▶ **Data supplied**:
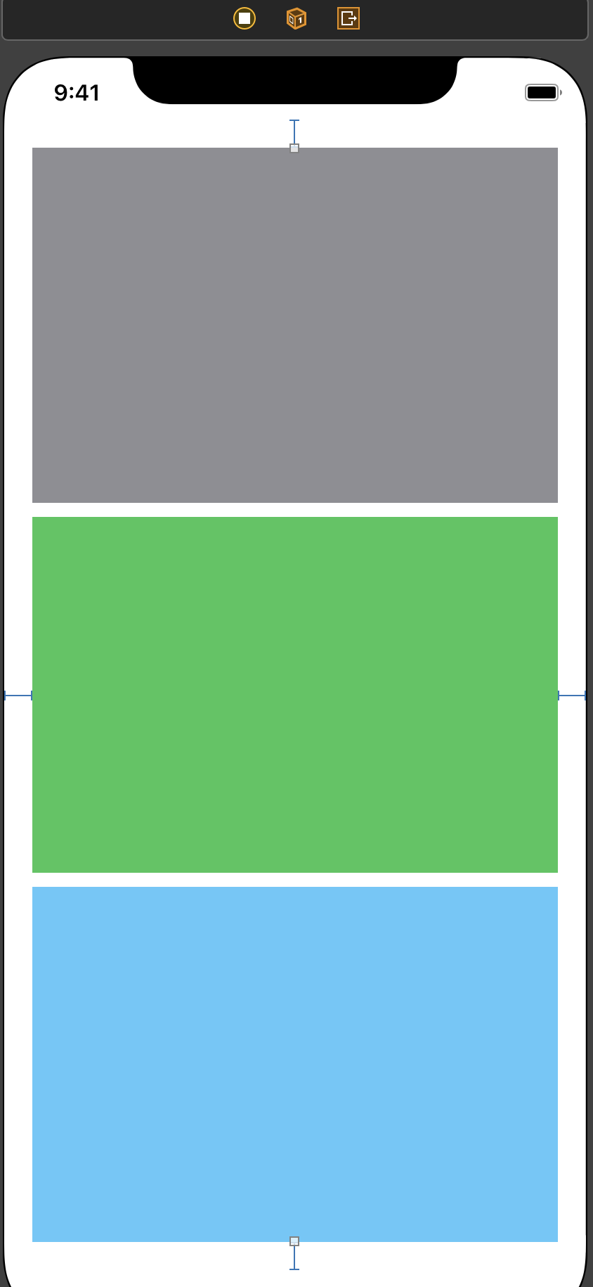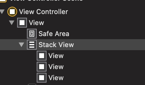 StackView에 View를 넣어준 후, View들을 바로 아래계층에 나란히 배치해줍니다. 저는 Vertical Stack View 아래에 View 3개를 배치해주었습니다.
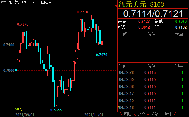 纽元兑美元收跌0.71%至0.7114,汇价在0.72重要整数关口附近反复受阻。此前两周,汇价盘中多次上破该价位,但最终均未能站稳上方。
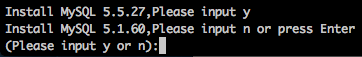 可以选择MySQL 版本 5.5.27 或 5.1.60,安装MySQL 5.5.27的话输入 y ,安装MySQL 5.1.60 输入n,输入 y 或 n 后回车,完成选择。
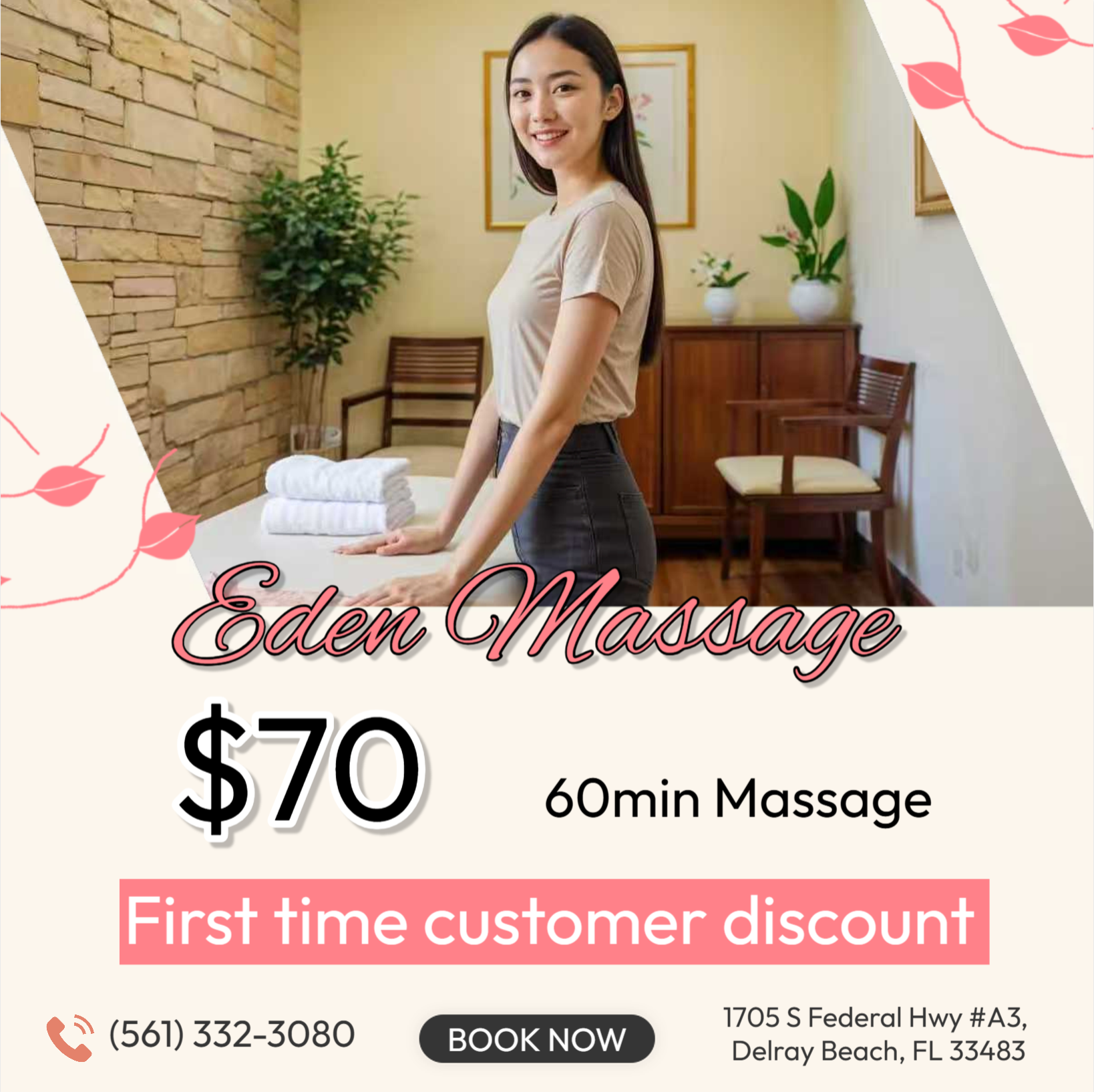 Eden Massage. First time customer. Call for an appointment and get a discount on a 1 Hr. massage!!! Massage is becoming more popular as people now understand the benefits of a regular massage sessio Go to full description...
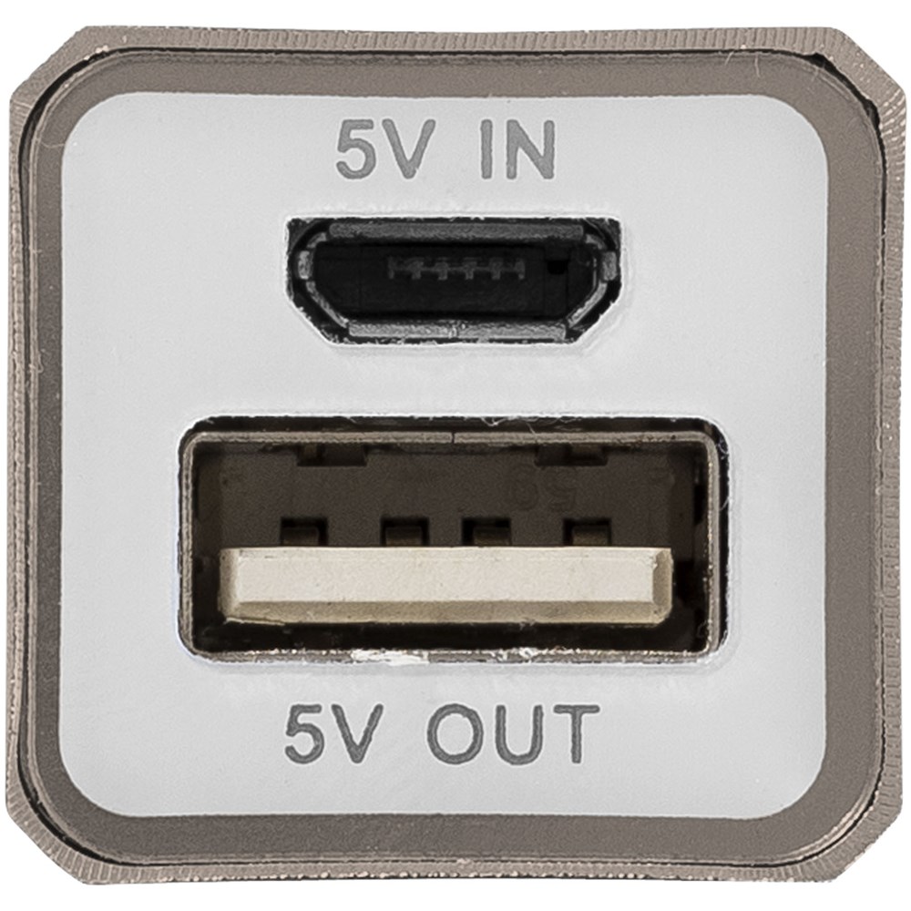 Die 2200 mAh Akkukapazität der Powerbank reicht aus, um ein mobiles Gerät oder Tablet (5V/1A) aufzuladen. Powerbank lädt über mitgeliefertes USB-Kabel und blaue Lichtanzeige schaltet sich ein, wenn sie voll aufgeladen ist. Metalleffektlack. Verpackt in einer weißen Geschenkbox.
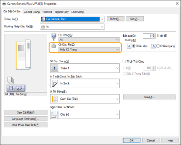 3 | Khi xem trước trang in, cài đặt [Bố Cục Trang] [Thứ Tự Trang] [In 1 mặt/2 mặt/In Tập Sách] [Vị Trí Đóng]. |
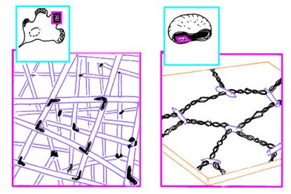 Рис.13. Цитоскелет фибробласта и эритроцит
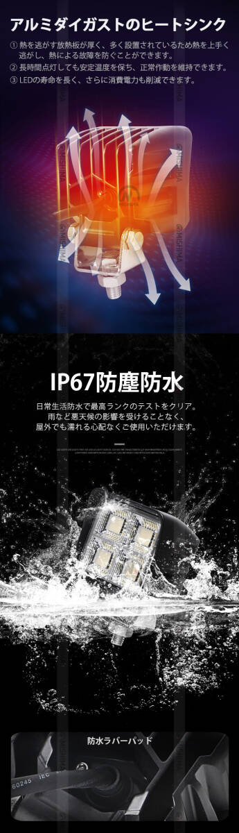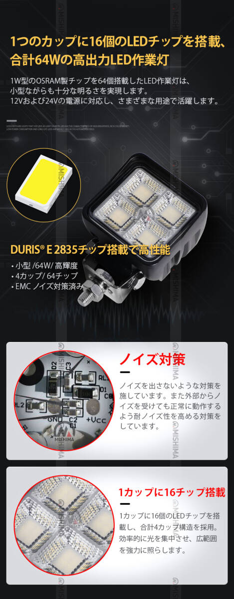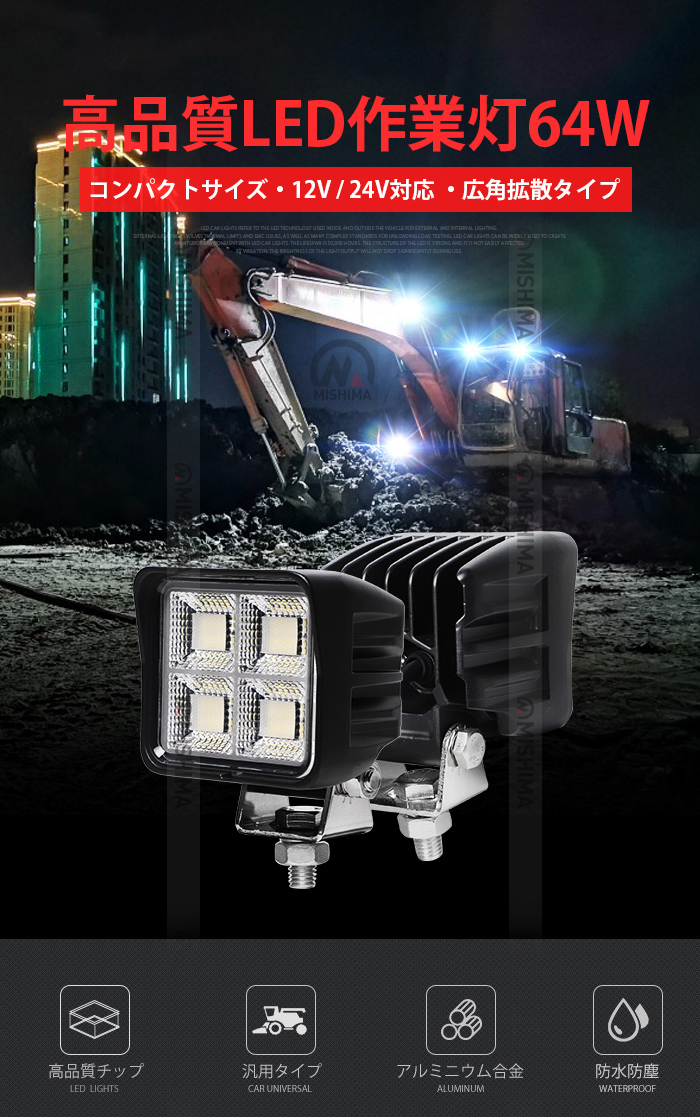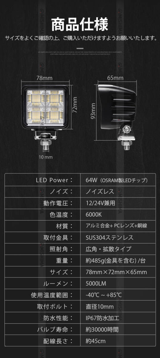 msm8864【2台】小型 軽量 LEDワークライト 作業灯 1年保証 64W 農業 漁業 建設 警備 工事 軽トラ トラック 12V 24V 広角 拡散 荷台灯 防水
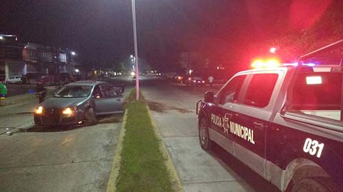 Martínez de la Torre, Ver.- Ebrio conductor de un automóvil terminó impactado contra el camellón del bulevar Rafael Martínez de la Torre la noche de este miércoles al perder el control de su unidad, luego que un vehículo le cerrara el paso.
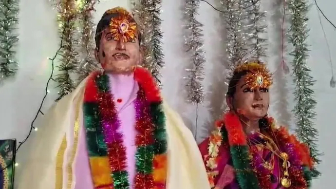 Telangana, 29 March 2026: Ekta couple Telangana laka Mahabubabad district te ekta symbolic wedding ceremony kureh hotai saal taikhan laka mura bacha aro taila maiki karne past 22 saal karne, tadeh ritual toh gradually participation tani ase taikhan laka bosti across pra. Lalu aro Sukkamma taikhan laka bacha Ram Koti ke harai shey 2003 te tai suicide pra mura pichideh kicha taila relationship toh opposed kuri shey maiki laka ghor manu pra. 20 din hoi kina, maiki b suicide pra muri jaishey. Tragedy toh ghor manu ke devastated chari dishey. Sukkamma hisap te, taila bacha olop deri hoina sapna te ahishey aro mandir banabo leh koishey aro shadi kuribo leh. Couple toh subsequently ekta chutu shrine banai shey taikhan laka ghor bitor te aro Ram Koti aro taila maiki laka idols hali shey, taikhan ke eki lokot rakhi shey. Etu hoina, couple toh ceremonial kalyanam kuri shey idols karne hotai saal Sri Rama Navami laka occasion te.

▶ **Work instruction**: Print the part of the listing above that opens with the line containing "可以选择MySQL 版本 5.5.27" and closes with the line containing "msm8864【2台】小型 軽量 LEDワークライト". Copy it exactly, both ends included, and omit the pictures.

▶ **Solution to this problem**:
 可以选择MySQL 版本 5.5.27 或 5.1.60,安装MySQL 5.5.27的话输入 y ,安装MySQL 5.1.60 输入n,输入 y 或 n 后回车,完成选择。
 Eden Massage. First time customer. Call for an appointment and get a discount on a 1 Hr. massage!!! Massage is becoming more popular as people now understand the benefits of a regular massage sessio Go to full description...
 Die 2200 mAh Akkukapazität der Powerbank reicht aus, um ein mobiles Gerät oder Tablet (5V/1A) aufzuladen. Powerbank lädt über mitgeliefertes USB-Kabel und blaue Lichtanzeige schaltet sich ein, wenn sie voll aufgeladen ist. Metalleffektlack. Verpackt in einer weißen Geschenkbox.
 3 | Khi xem trước trang in, cài đặt [Bố Cục Trang] [Thứ Tự Trang] [In 1 mặt/2 mặt/In Tập Sách] [Vị Trí Đóng]. |
 Рис.13. Цитоскелет фибробласта и эритроцит
 msm8864【2台】小型 軽量 LEDワークライト 作業灯 1年保証 64W 農業 漁業 建設 警備 工事 軽トラ トラック 12V 24V 広角 拡散 荷台灯 防水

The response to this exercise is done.